What strikes me most about Steps is how grateful parents are to have them to turn to, and the wider community of other parents they facilitate online. I talk a lot in this podcast about how reliant I am now on what my parents could tell me years later, and how their only source of information was what the medical staff told them in an era pre-google or social media. Consequently, I feel like I know the gist of my early surgeries but not the full medical details. In some ways it doesn’t matter – what’s important is that the surgeons at Sheffield Children’s got me walking somehow despite how much of my pelvis and hip socket was missing.

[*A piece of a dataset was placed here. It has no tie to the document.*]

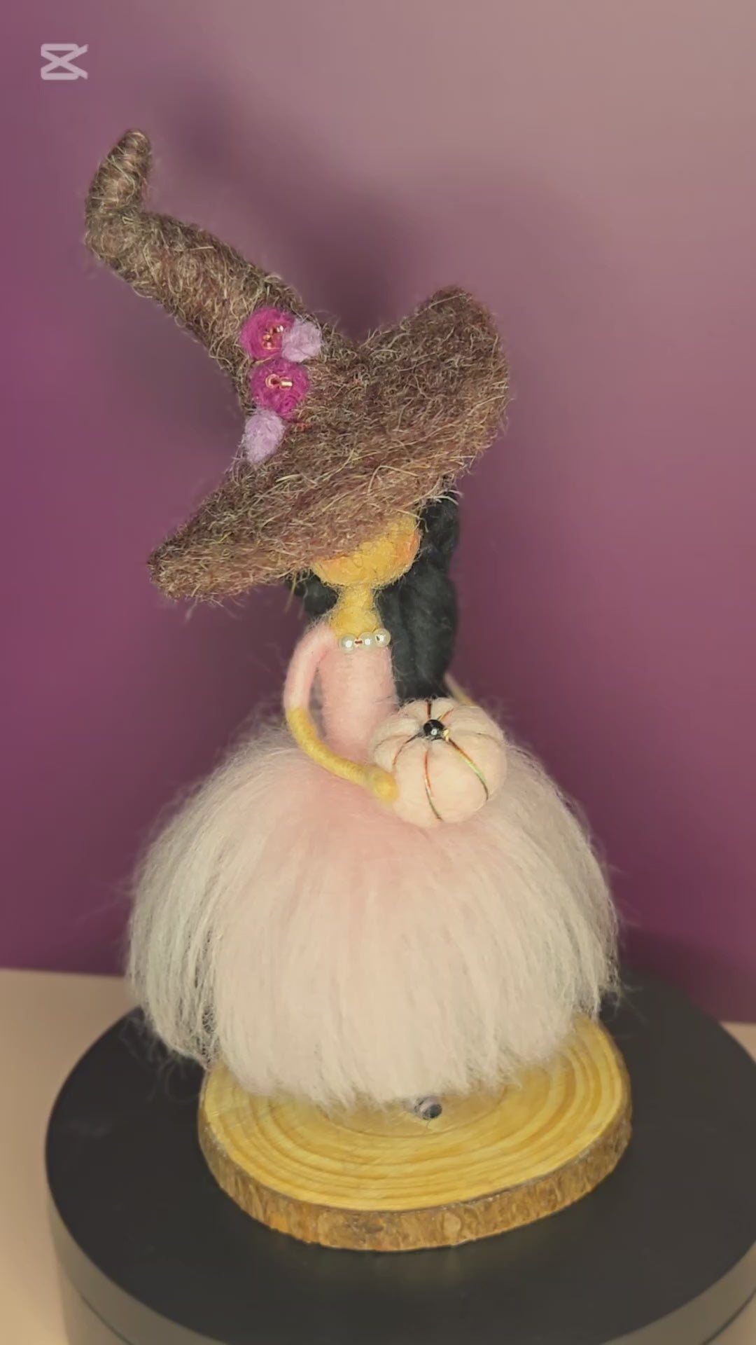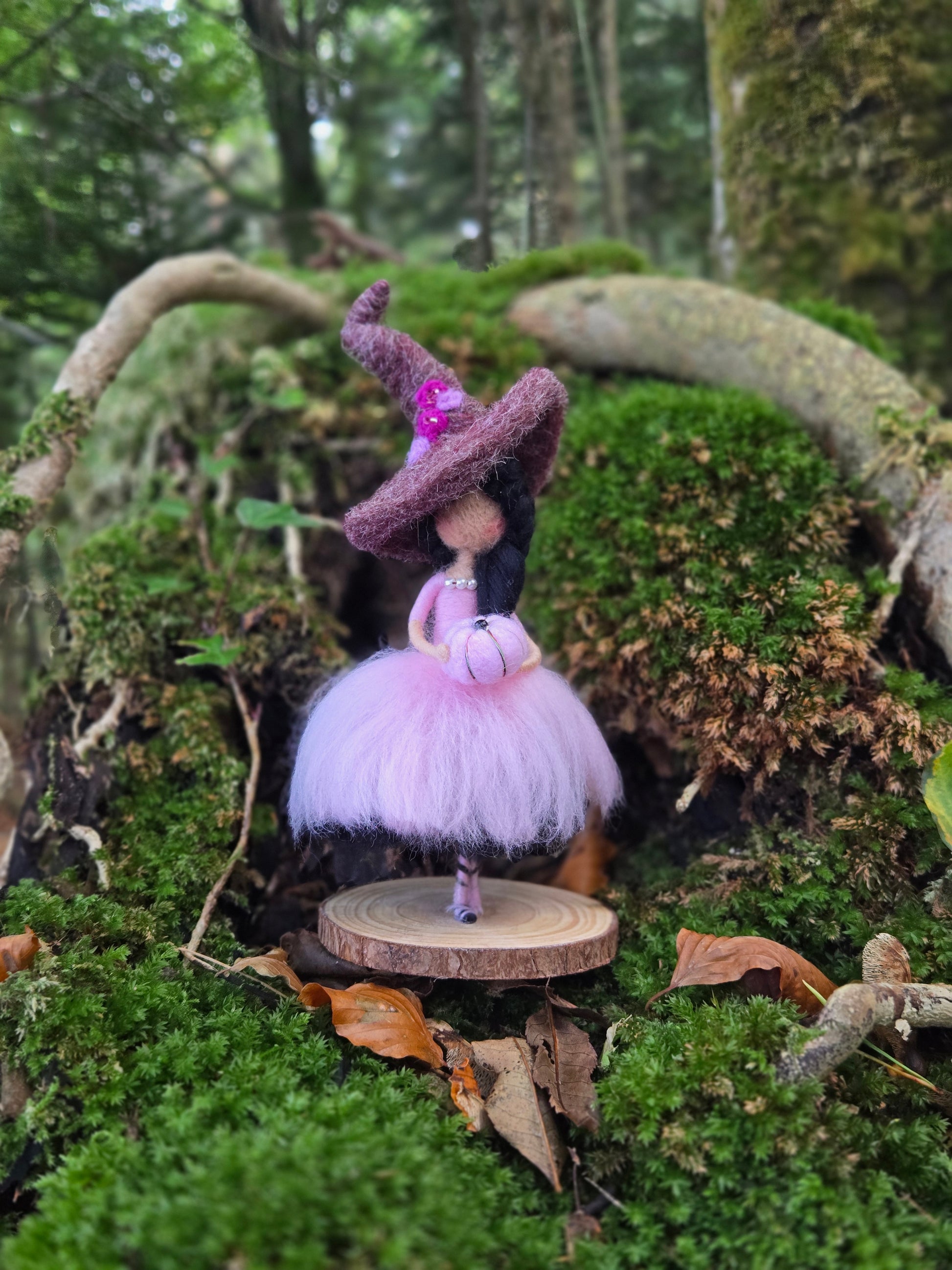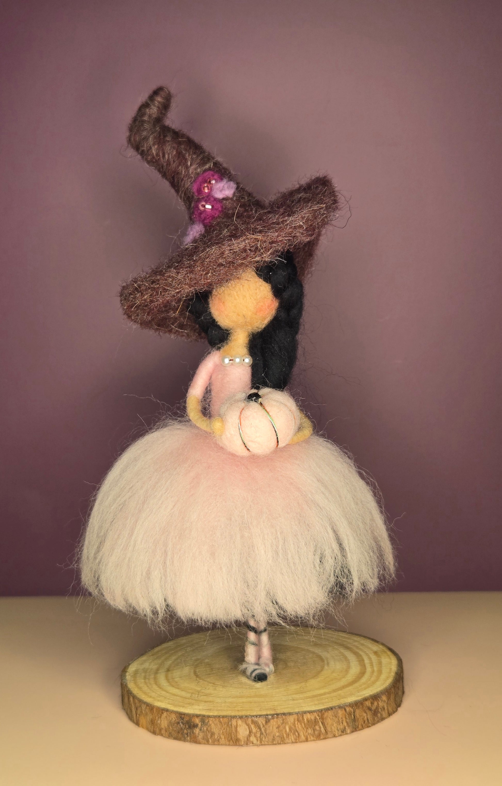 Asteria stands on a wooden slice made of natural pine and treated with a shellac protection. She is made from a wire armature covered with a mix of carded and merino wool with small beaded embellishments on her dress and carries a soft pink pumpkin.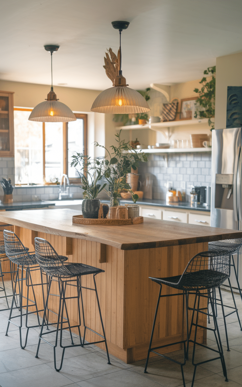 Pendant lights instantly define the seating area as a gathering space. I always notice how the right lighting adds warmth and balance while improving visibility for meals and conversations. Even simple fixtures can transform the island into a cozy focal point.

This podcast also helped me share some of my earliest memories of being in a hip spica plaster cast – what that felt like and how often we had to re-plaster my knees! I remember my childhood as very happy one, I had a mindset to try and do as much as what other kids my age could do. Whilst I couldn’t excel in sports I did well at school and as a musician, and consequently I’ve lived a very full life so far. My life has been punctuated by surgeries at different points and as you know, I am now waiting for a knee replacement in January – this time on the right side which has borne too much of my weight for almost 50 years. More on that soon!
Hope you enjoy listening to the Podcast. Link again here.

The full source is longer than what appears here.